Chronic treatment of obese and diabetic monkeys (M. fascicularis) with monkey‐specific dual agonist and liraglutide. Total energy intake (TEI) per day consisting of: 46.5 g standard monkey formula feed as breakfast from 9:00 to 10:00 am; 150 g apple as lunch from 2:00 to 3:00 pm; 100 g KBI HFD as dinner from 4:00 to 5:00 pm. Drop in TEI on day 46 was the result of performance of the ivGTT. Values are given as mean ± SEM, n = 8‐10/group. *P < .01 dual agonist vs vehicle control. #P < .01 dual agonist vs liraglutide (days −7 to 0, days 1 to 3, days 4 to 6, days 7 to 9, days 10 to 45)

Figure 8.

Absolute body weight (top) and relative body weight change (bottom) during study period. Values are mean ± SEM, n = 8‐10/group. *P < .001 liraglutide vs vehicle control. #P < .001 dual agonist vs vehicle control

During the entire study period, metabolic profiling was performed at different time points (Figures S2 and S3 in Appendix S1).
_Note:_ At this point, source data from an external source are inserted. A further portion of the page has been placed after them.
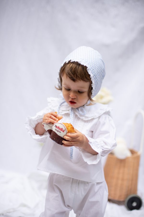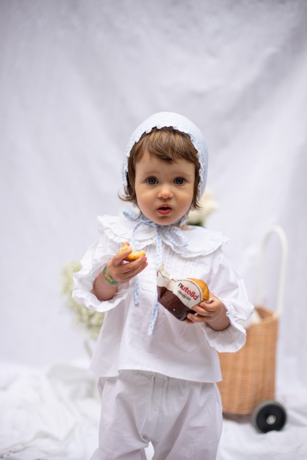 Camasa Arturo este realizata dintr-o panza alba din bumbac 100%, accesorizata cu o broderie ingusta din bumbac brodat.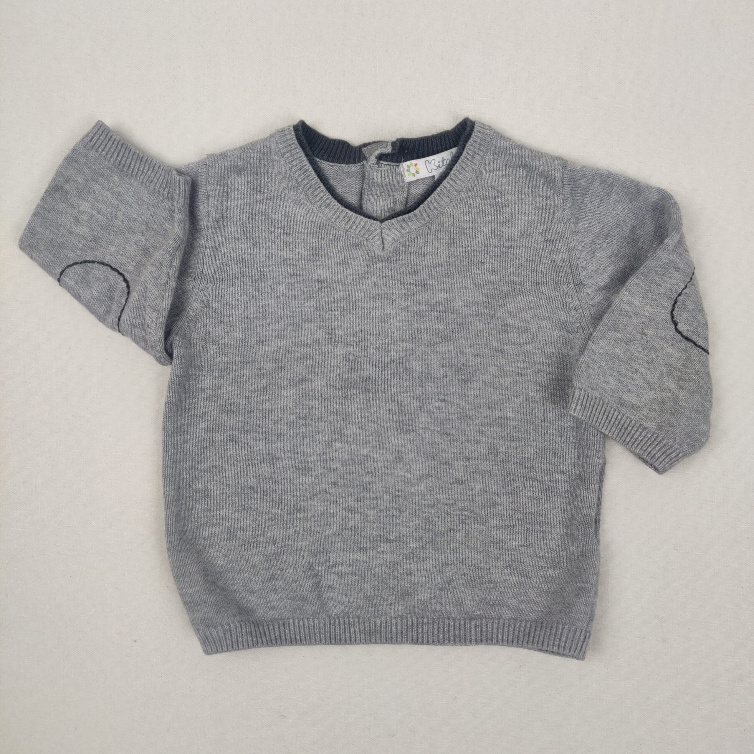 Autres commentaires : Pull col v, motif sur manches type coudière, fermeture par boutons pression au dos.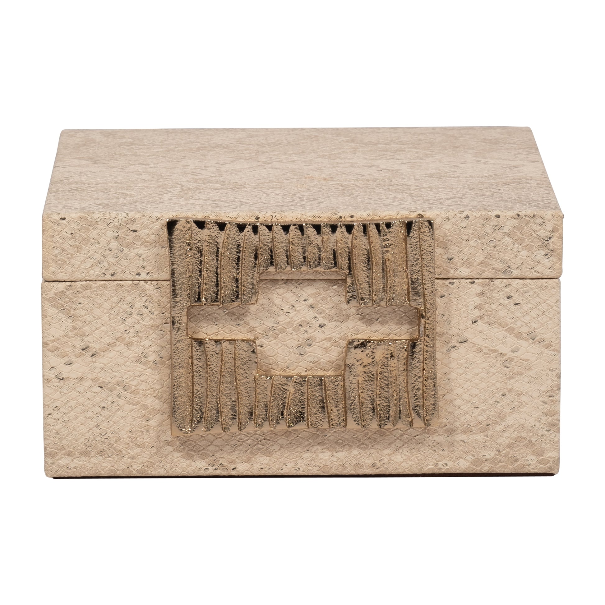 Faux Leather, 8" Square Metallic Box, Nude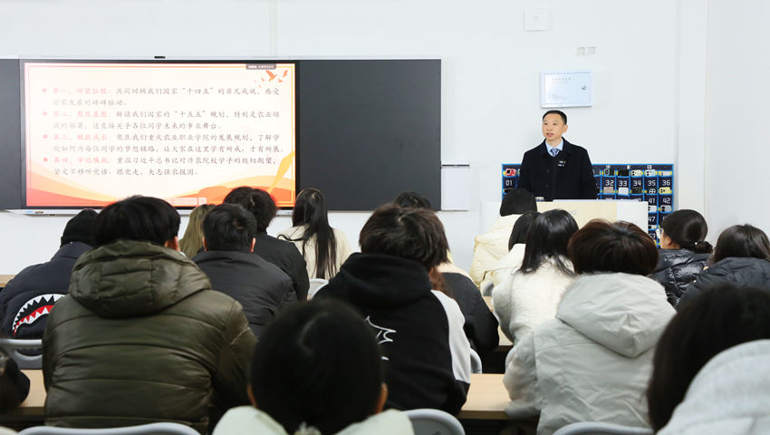 课上,学校领导陈长法以党的二十届四中全会精神为主线,系统回顾了我国“十四五”时期取得的非凡成就,重点解读了“十五五”时期国家发展蓝图,特别是关于农业领域的重要部署。他强调,涉农院校学子正处于国家农业农村现代化进程的关键“机遇期”,个人的专业学习和职业规划应与国家战略同频共振。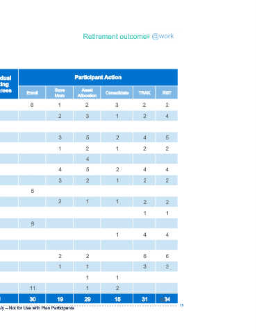 Retirement outcomes Participant Action Consolidate 3 1 2 1 2 1 1 1 1 2 15

Plasma levels of glucose, insulin, ketone bodies, and FGF21 were analysed on day −25, the first day on maintenance dose (day +10) and close to the end of chronic treatment (day +43). These values were all measured prior to performing the functional intravenous glucose tolerance test (ivGTT), which was done on days +46/+47.
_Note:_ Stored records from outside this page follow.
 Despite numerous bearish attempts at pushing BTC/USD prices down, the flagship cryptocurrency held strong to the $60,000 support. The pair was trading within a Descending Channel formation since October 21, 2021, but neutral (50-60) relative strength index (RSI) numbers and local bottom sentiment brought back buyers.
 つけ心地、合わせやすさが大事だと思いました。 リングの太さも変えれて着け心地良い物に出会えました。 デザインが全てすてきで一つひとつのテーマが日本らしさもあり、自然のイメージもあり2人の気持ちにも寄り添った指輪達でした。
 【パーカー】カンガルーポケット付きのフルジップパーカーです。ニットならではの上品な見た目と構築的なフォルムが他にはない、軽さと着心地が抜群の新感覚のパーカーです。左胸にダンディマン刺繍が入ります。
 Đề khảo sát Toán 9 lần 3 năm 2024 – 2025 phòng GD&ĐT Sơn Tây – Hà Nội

Because of exclusion of 2 monkeys in the vehicle group, who became insulin‐dependent during the study, baseline mean glucose values (162.9 ± 36.9 mg/dL) for the vehicle‐treated monkeys were slightly lower compared to the treatment groups (213.9 ± 23.2 mg/dL for the monkey‐specific dual GLP‐1R/GCGR agonist and 233.6 ± 28.3 mg/dL for the liraglutide‐treated group). Nevertheless, plasma glucose and insulin levels of the vehicle‐treated monkeys included in the study remained unchanged throughout the study period. Treatment with escalating doses of liraglutide led to a drop in blood glucose from >230 mg/dL to levels between 150 and 170 mg/dL, which were maintained throughout the study period. The monkey‐specific dual agonist had a significantly greater effect on blood glucose lowering compared to liraglutide. After administration of the monkey‐specific dual GLP‐1R/GCGR agonist blood glucose initially decreased to below 100 mg/dL and then gradually returned to values of approximately 120 mg/dL (Figure S2 in Appendix S1). Monitoring fasting plasma glucose (FPG) on selected study days (days −3 and +1: both basal values; days +17, +24, +38 and +45: during chronic treatment) confirmed these results (Table 2). Fasted glucose values after initiation of treatment were obtained on day +17 and were compared to fasted glucose on day +1. FPG values were determined directly before breakfast. While the dual agonist significantly decreased FPG throughout the study period from 228.6 ± 22.5 mg/dL (day +1, determined as basal) to 127.1 ± 14.5 mg/dL (day +45), liraglutide showed a significant decrease only on days +17 and +38, not decreasing below 170.2 ± 21.1 mg/dL. In contrast, plasma glucose values for the vehicle‐treated monkeys remained at the same level of approximately 170 mg/dL throughout the study period.

Table 2.

Fasted plasma glucose (mg/dL) in obese and diabetic monkeys (M. fascicularis) on days −3 (basal), +1 (basal), +17, +24, +38 and +45 (all treatment). Values are given as mean ± SEM, n = 8‐10/group

Compounds tested	Day −3 (basal)	Day +1 (basal)	Day +17	Day +24	Day +38	Day +45
	Fasting plasma glucose [mg / dL]
Vehicle	170.1 ± 26.3	173.9 ± 23.5	177.8 ± 27.0	175.0 ± 24.5	168.3 ± 25.1	176.5 ± 22.0
Dual agonist	211.3 ± 23.1	228.6 ± 22.5	138.1 ± 15.4*	145.6 ± 14.9*	124.3 ± 15.8*	127.1 ± 14.5*
Liraglutide	226.3 ± 14.6	233.4 ± 15.7	182.3 ± 18.0*	194.4 ± 19.8	170.2 ± 21.1*	200.0 ± 15.9#

^* P < .05 vs baseline.

^# P < .05 vs dual agonist.

Circulating levels of insulin in obese, diabetic and insulin‐resistant monkeys were similar during the run‐in phase and increased during feeding times to approximately 600 μU/mL. No further increases were seen upon treatment with liraglutide or with the monkey‐specific dual GLP‐1R/GCGR agonist. Upon chronic treatment, insulin secretion strongly decreased in the liraglutide‐treated NHP's and a further decrease was apparent in the dual agonist‐treated NHP's, probably reflecting improved insulin sensitivity.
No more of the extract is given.